With rising pressure to cut emissions, many beef producers and companies are launching sustainability initiatives. Some focus on grazing cattle differently to sequester carbon. Others are experimenting with giving cattle feed additives that cut methane or adopting practices that cut emissions from manure. These and other efforts are critical to minimizing beef’s carbon footprint and other environmental impacts, and should be pursued and implemented by governments, researchers, companies, and other stakeholders.

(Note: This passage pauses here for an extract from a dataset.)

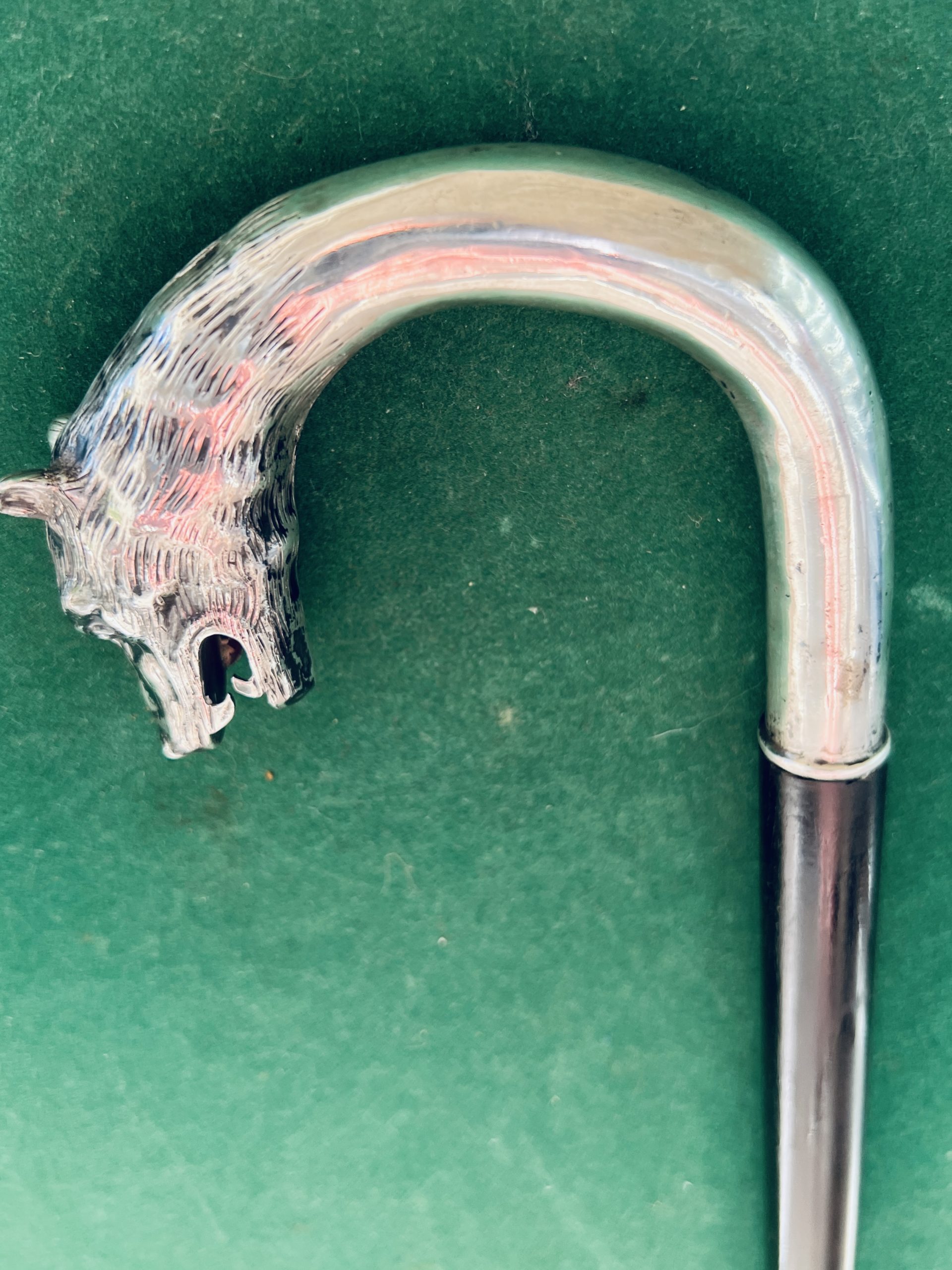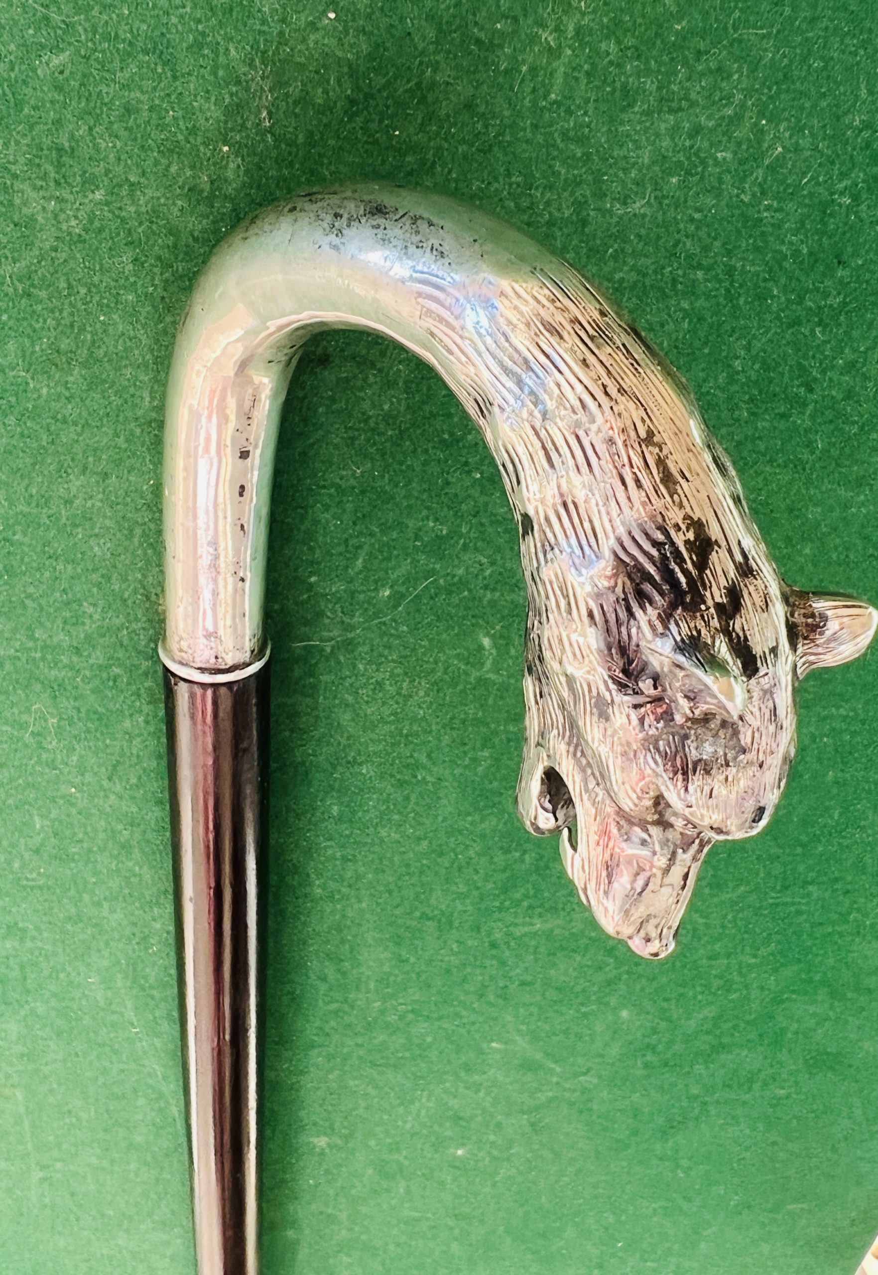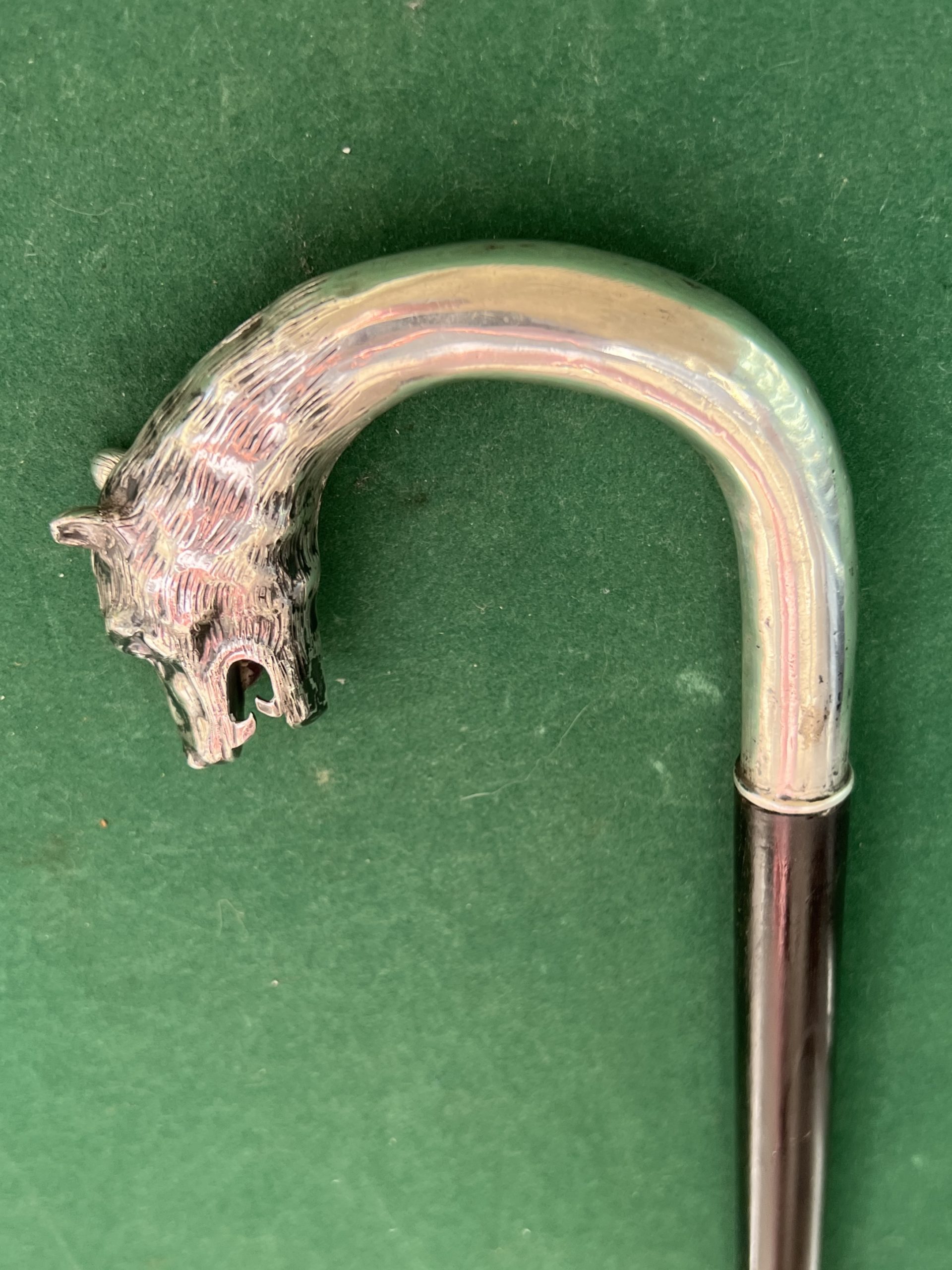 Très jolie canne corbin en argent représentant un loup - le fût est en bois laqué noir - la férule est en fer blanc et acier - la longueur est de 93 cm - époque 19 ieme -

Our study finds that one aspect of beef production, productivity or the amount of beef produced per acre, has a particularly strong relationship to beef’s carbon footprint. We compared the carbon footprint of 100 beef operations across 16 countries, accounting for emissions from production, such as from manure, enteric fermentation, and fertilizing crops used for cattle feed. This is where many studies stop. However, we also calculated the potential carbon sequestration from cattle grazing on pasture and rangeland. In addition, we estimated the impact of using land for beef production instead of restoring it or preserving it as native vegetation, often referred to as the carbon opportunity cost of land use.
The findings are telling: a 10% increase in beef production per acre is associated with a 9.0% decrease in carbon footprint. This strong relationship is predominantly due to the large amount of land that beef production uses and its high carbon cost. Beef production remains a leading cause of deforestation and other land-use change globally, and often uses land that could be reforested or otherwise restored. We found that the carbon opportunity cost of beef production is more than twice as large as the emissions from production.

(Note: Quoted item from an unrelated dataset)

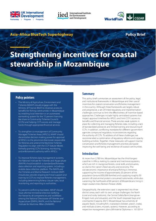 Castiano M and Lopes S. 2026. Strengthening incentives for coastal stewardship in Mozambique. Penang, Malaysia. WorldFish and IIED. Policy Brief: 2026-09.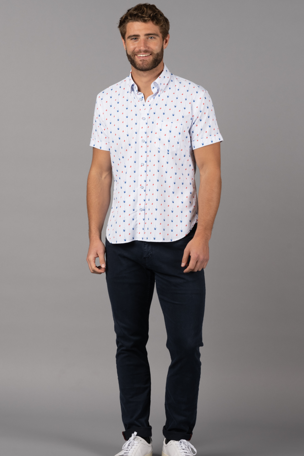 Short sleeve shirt in white with light blue stripes and blue cocktails and orange slices fruit slices. The shirt has 6-way stretch for all day comfort.

It follows that operations with relatively little beef produced per acre have a high carbon cost. This is the case with grass-fed beef, though it's often touted as more environmentally sustainable. Grass-fed cattle typically gain less weight per day and take longer to reach market weight. This means they take up land and emit methane, produced from their digestive processes, for a longer time. When considering emissions from production, carbon sequestration, and the carbon opportunity cost of land use, we estimate that grass-fed operations have a 42% higher carbon footprint on average than grain-finished operations that are otherwise similar.

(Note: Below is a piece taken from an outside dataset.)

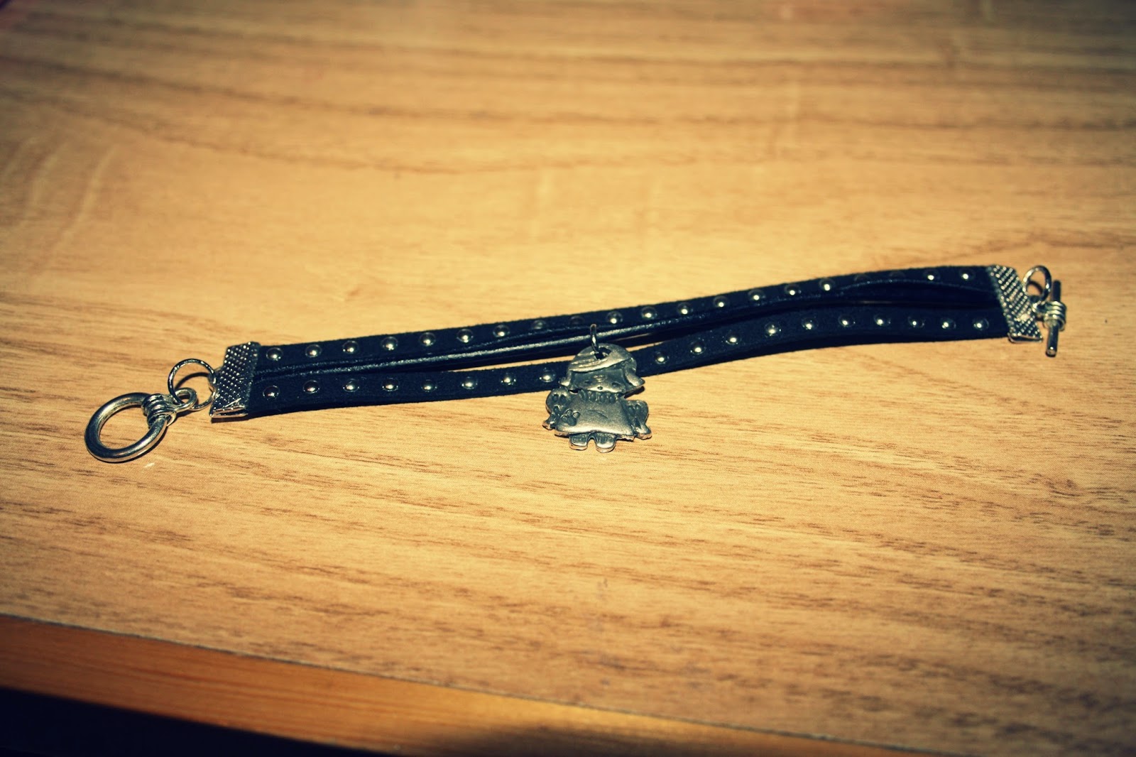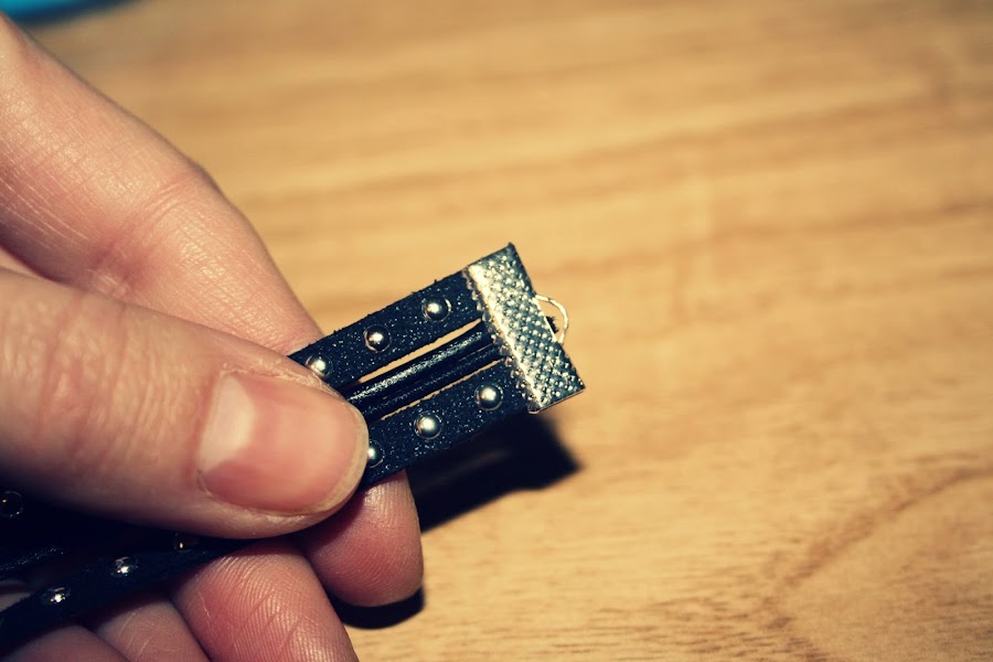 un cordón doble con tachuelas de color negro (medir vuestra muñeca y sabréis cuanto necesitaremos)

The climate benefits of productivity are further supported by a new report from the U.N. Food and Agriculture Organization (FAO). The FAO report compared a range of different strategies to reduce emissions from cattle and other livestock. While each is important to cutting emissions, they conclude that “Enhancing productivity and products efficiency [sic] across the entire production chain is the most promising way to reducing emissions, promoting sustainability, and mitigating the environmental impact of the livestock sector.” According to FAO, maintaining recent rates of productivity growth could slash livestock emissions in 2050 by 24%, compared to a new-growth scenario. Strategies to further improve productivity would have additional benefits; for example, they estimate that improving animal health could reduce emissions by 10% globally.
Productivity Growth has the Largest Global Potential Among Livestock Mitigation Strategies
The findings from both our analysis and the FAO report make it clear: Increasing the amount of beef produced per acre is not just a viable path but perhaps the most impactful one for significantly reducing the sector's carbon footprint and mitigating its environmental impact. This approach, while being part of a broader set of strategies, holds the key to a more sustainable and climate-resilient livestock sector.